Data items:
※

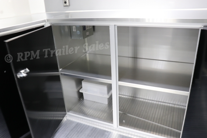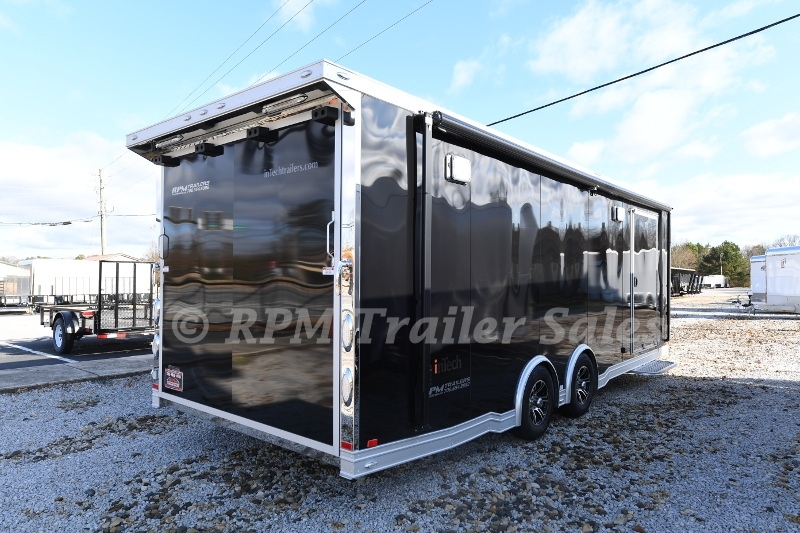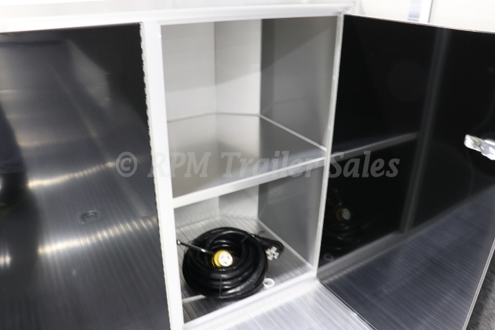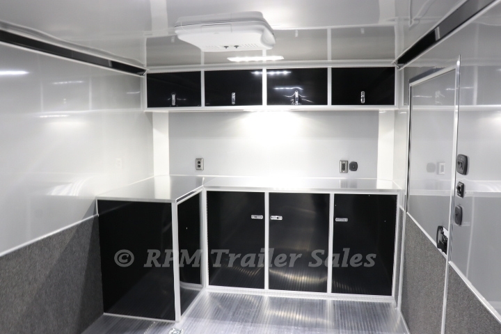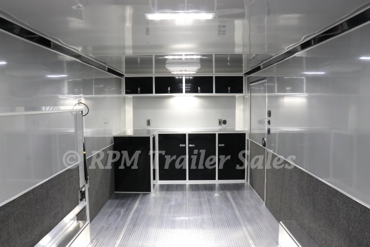 It’s an incredible 24’ Black inTech Aluminum Trailer with Full Access Escape Door. This 24’ car hauler is ready for your most prize possession. Featuring the full access escape door, getting out of your car couldn’t be any easier! The black aluminum cabinets make a bold statement inside, giving you the perfect amount of storage space for all you belonging. It includes our popular L-Base lower cabinet with generator compartment and an 8’ section of overhead cabinets.
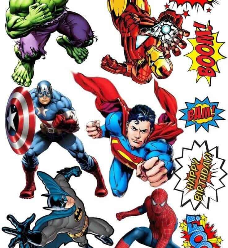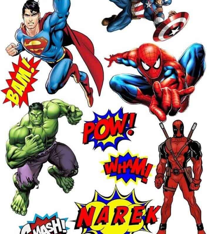 Avengers cartoon, 5cm, sukkerprint / kageprint med tekst, 15 STK
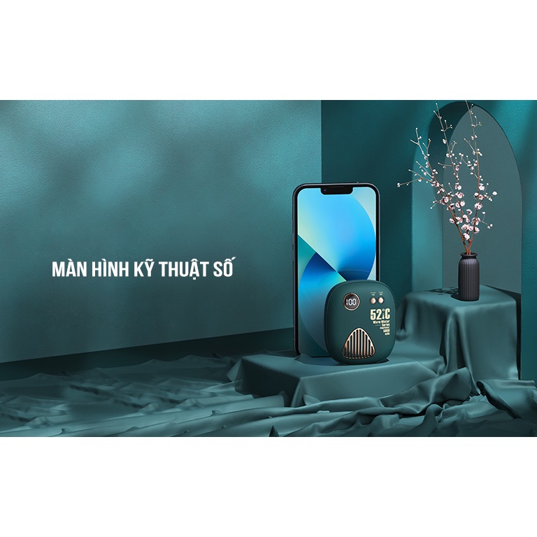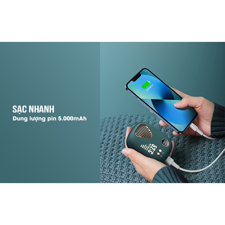 - Sạc dự phòng kiêm máy sưởi có thiết kế vô cùng nhỏ gọn chỉ như một chiếc cầm tay mini với kích thước 82x72x32.5mm
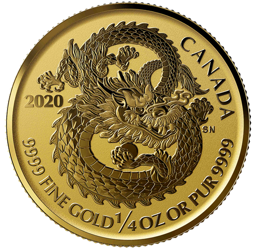 Pièce d’investissement de ¼ oz (10 $) en or pur à 99,99 % – dragon (2020) (pièce d'investissement)
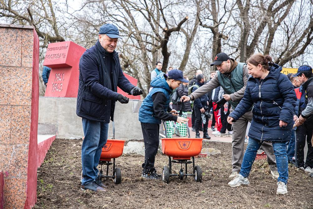 А в районе Кумженского мемориала в субботнике принял участие глава города Александр Скрябин. Он поблагодарил всех, кто сегодня решил помочь сделать южную столицу чище. На этой территории посеяли газон, выкосили камыш, распилили валежник, убрали мусор в лесу и на берегу реки Мёртвый Донец.

※

ABOUT THIS EXERCISE:
Pictures are to be left out; the answer must otherwise be exactly the lines from the one with "Pièce d’investissement de" through the final line of the entries above, both included.

WRITTEN ANSWER:
 Pièce d’investissement de ¼ oz (10 $) en or pur à 99,99 % – dragon (2020) (pièce d'investissement)
 А в районе Кумженского мемориала в субботнике принял участие глава города Александр Скрябин. Он поблагодарил всех, кто сегодня решил помочь сделать южную столицу чище. На этой территории посеяли газон, выкосили камыш, распилили валежник, убрали мусор в лесу и на берегу реки Мёртвый Донец.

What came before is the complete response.